Sausage rolls are the ideal picnic food. They have an aura of timeless Englishness; one can picture Henry VIII tucking into a jumbo number for a mid-morning snack. They are also INCREDIBLY easy to make; really you can just wrap a sheet of ready-rolled pastry around a sausage and bingo, deliciousness a-go-go.

Serves 6
Ingredients
Flour, to dust
1 375g packet of shortcrust pastry
3 sausages, cut in half – get fancy varieties to add even more herby excitement
2 teaspoons of dried sage
Sesame seeds
1 beaten egg

Instructions

1. Preheat oven to 220°C and line a baking sheet with baking paper.
2. Put a large sheet of baking paper on the work surface and dust with flour. Unroll pastry and cut into 6 rectangles, each the length of a sausage and three times its width, and dust with flour.
3. Place a halved sausage on top of each strip. Fold the pastry around the sausage, brushing the edges with water if they don’t stick to each other.
4. Repeat until you have 6 rolls. Then chop all in three to create bite-size sausage rolls. 
5. Brush the rolls with egg yolk then sprinkle with sesame seeds and dried sage.
6. Bake for about 20 minutes until golden.

 

Chilled Soup

To elevate your picnic from the Henry VIII-friendly, Jamie Oliver pukka pukka, to something a bit more refined and Nigel Slater–esque, add chilled soup to the menu. Gazpacho is the classic version of this but for a sophisticated alternative go for a verdant pea and mint concoction. Pack in a flask and serve in foam cups.

Ingredients
6 – 8 cups of chicken stock (or vegetable stock for vegetarians)
6 cups of frozen peas
Small bunch of mint
2 cloves of garlic, sliced
2 medium onions, diced
Juice from half a lemon
Olive oil

Instructions

1. Cook the onions and garlic in a large saucepan with a couple of tablespoons of olive oil for 8-10 minutes until the onions are translucent and browning.
2. Cover the vegetables with chicken stock and bring back to boil.
3. Add the frozen peas and stir and again, bring to the boil.
4. Cook for 10 minutes on low heat until the peas begin to go mushy.
5. Add the mint leaves, the lemon juice.
6. Puree in a blender or one of those incredibly cool handheld blenders, or, realistically, with a potato masher.
7. Chill in the fridge.
8. Add a blob of crème fraiche and watch it turn the whole soup tie-dye.

 

Mess


Finish the picnic off with an Eton Mess.

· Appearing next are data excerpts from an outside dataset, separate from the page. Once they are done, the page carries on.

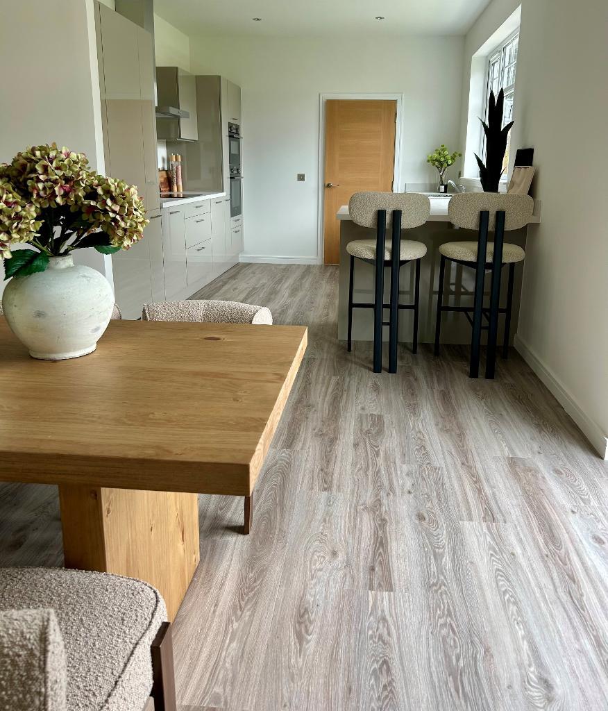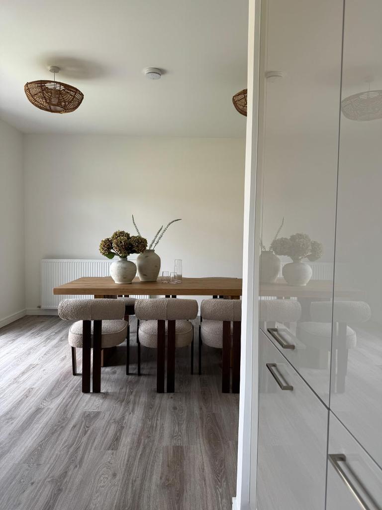 The German designer kitchen is fitted with premium Bosch and Hotpoint appliances and the addition of a breakfast bar provides another
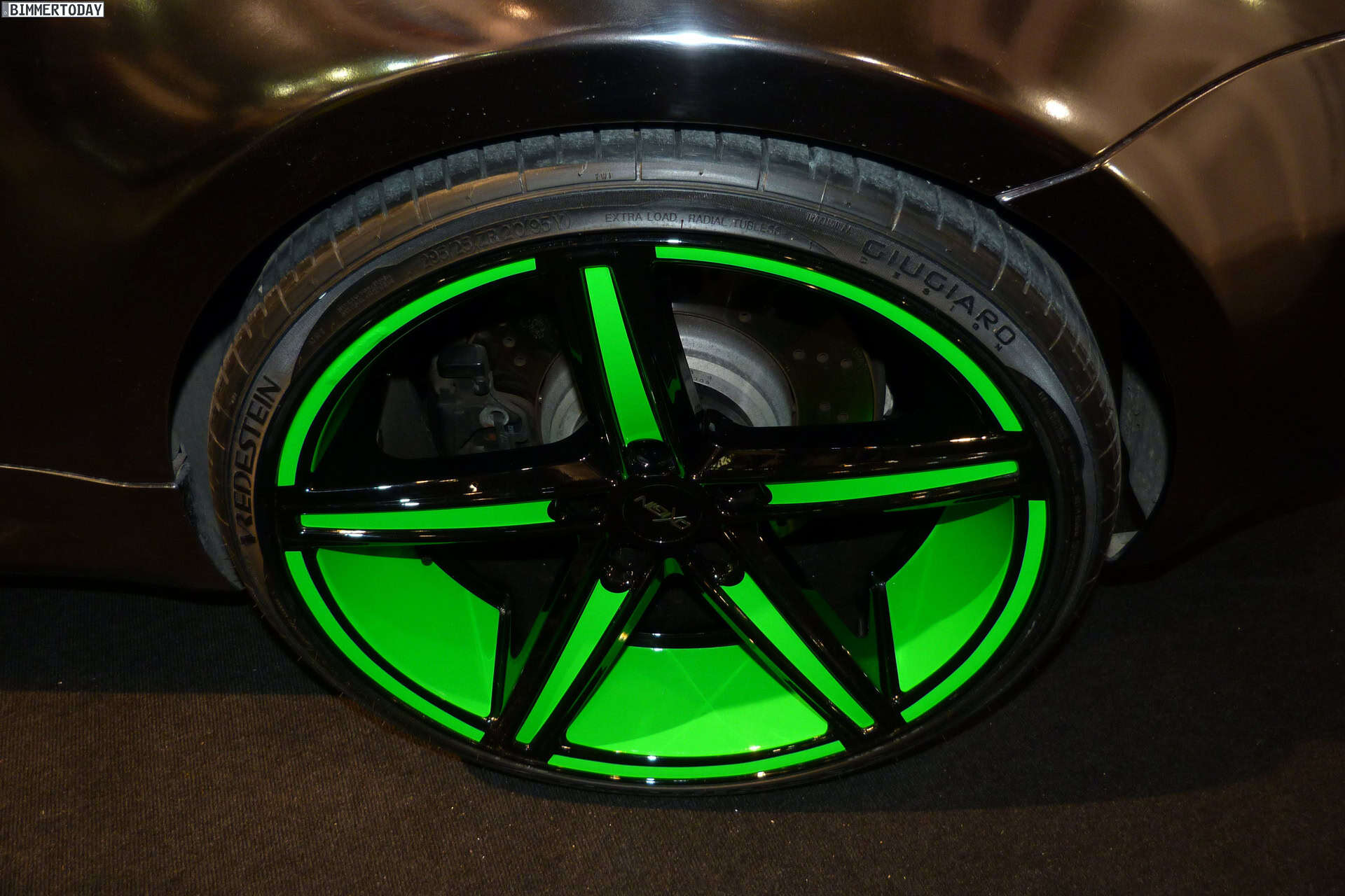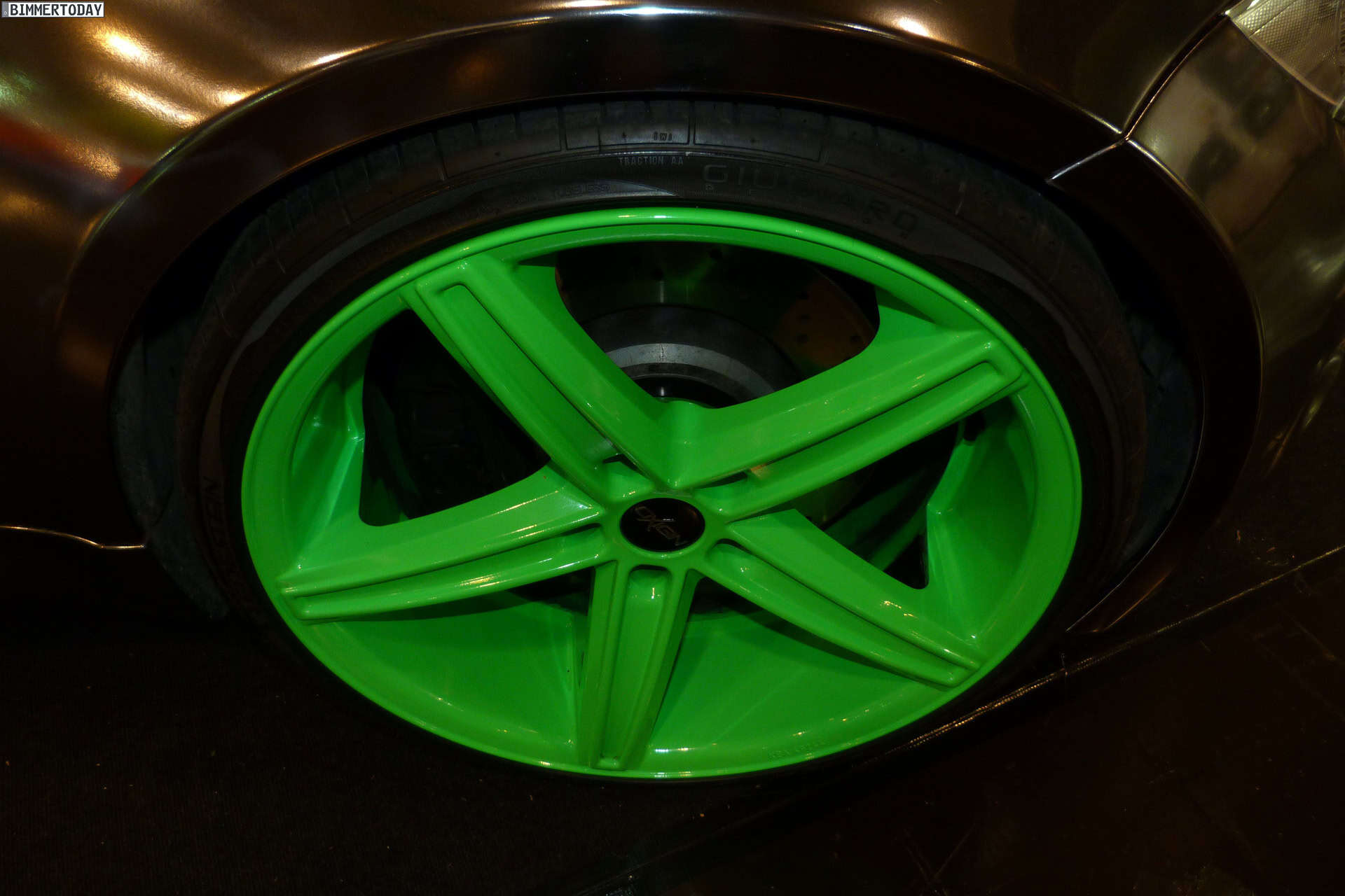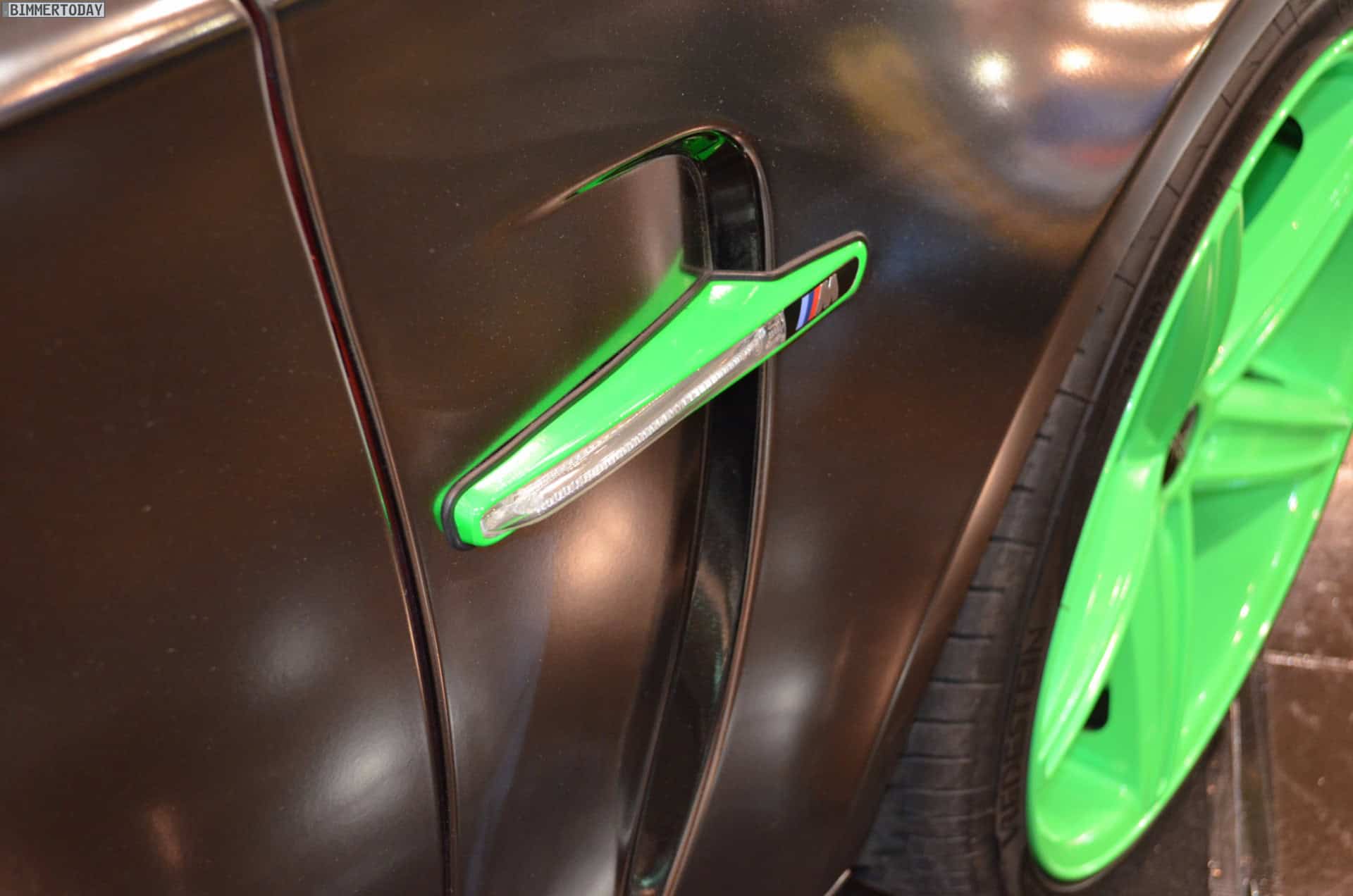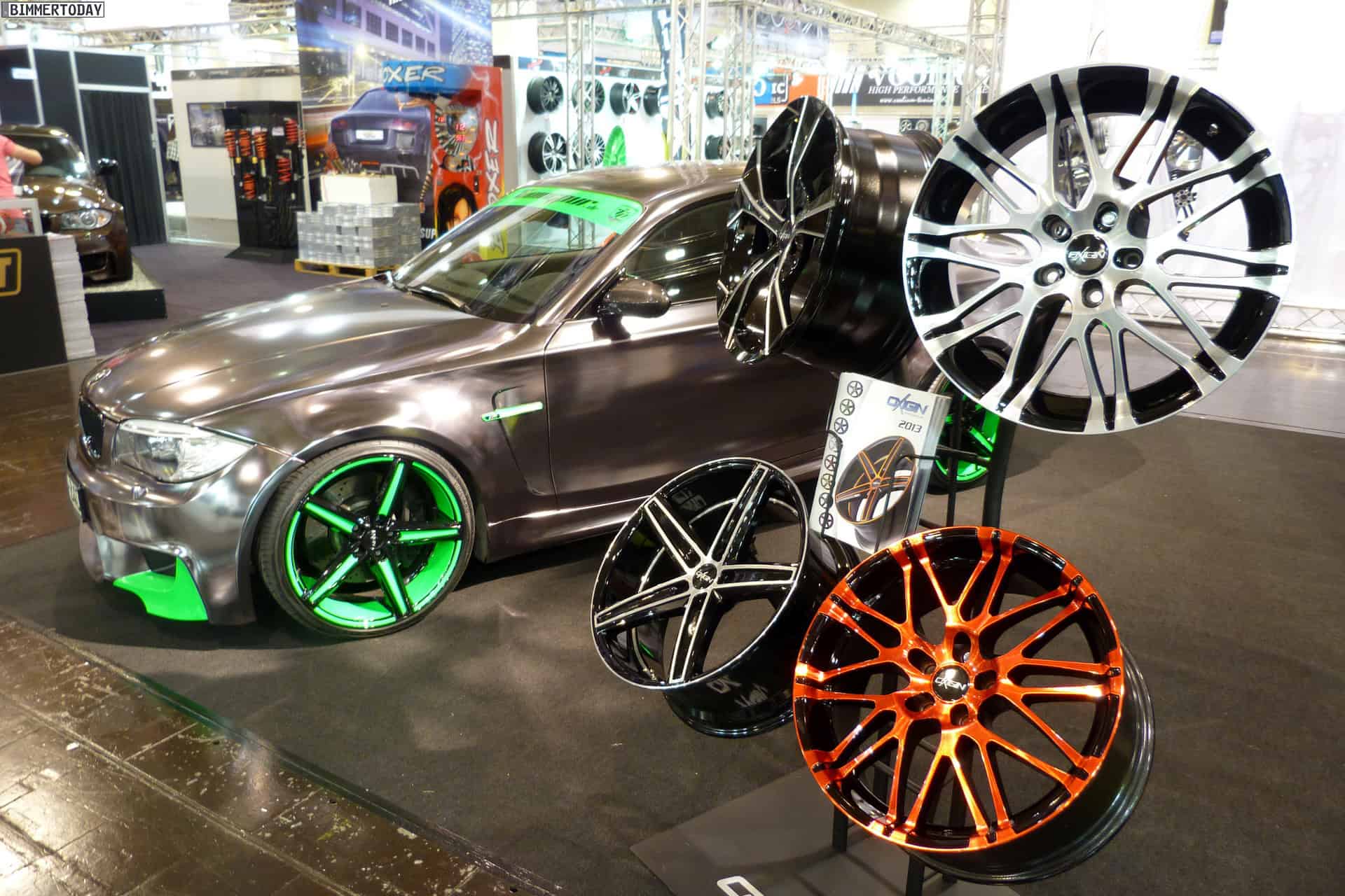 At the 2013 Essen Motor Show, one vehicle stands out in the crowd of super tuned up and modded BMWs: a chrome 1M with green accents. The fellows at Oxigin/Tuningpur draw attention with the chrome wrapped 1M which comes with neon green elements at the front and rear aprons, side gills and wheels.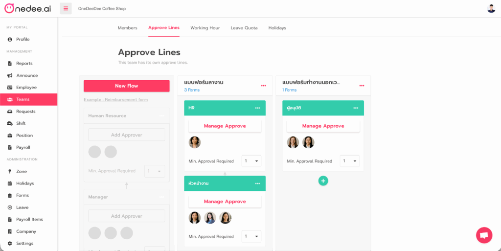 ระบบสามารถกำหนดเงื่อนไขการอนุมัติ ไม่ใช่แค่ให้ต่างกันสำหรับคำขอแต่ละประเภท แต่ให้แตกต่างกันสำหรับแต่ละทีมด้วย ซึ่งระบบสามารถสร้างทีมย่อยได้ไม่จำกัด ตามแผนก สาขา หรือประเภทพนักงาน เพื่อให้ตรงกับนโยบายการอนุมัติของบริษัท

Hell, you can even be really cringe worthy and call it a Cambridge Mess, or make it even more cringe worthy and make some hilarious plaudit about getting messy in Cambridge, or alternatively, and actually, thinking about it, definitely advisably, stick to discussing what a perfectly unbeatable pudding this is. I really recommend stocking up on the mind-blowingly good strawberries sold by a local farm from a special stall at the Sunday market.

Ingredients
3 punnets of strawberries, with the green bits removed
8 plain meringues
200g whipping cream
200g thick Greek yoghurt
1 tbsp icing sugar, sifted
Elderflower cordial or for a ‘messy’ mess (sorry, sorry, kill me now) some super-fun kirsch or berry liqueur

Instructions

1. Cut strawberries into halves or thick slices.
2. Place 2 punnets of strawberries in bowl, sprinkle with 2 tbsp of liqueur and dust with icing sugar.
3. Crush remaining punnet into a puree, adding more liqueur.
4. Whip the cream with a whisk, fold in the yoghurt.
5. Crush the meringues into bite-sized pieces.
6. Fold cream, meringue and strawberries into each other. Place portions in jam jars for ultimate portability and drizzle with puree.


Head down to the Cam, recline in the rain, down the cava, tuck into these things of great importance, and, “O my! O my! O my!”, live the fricking dream.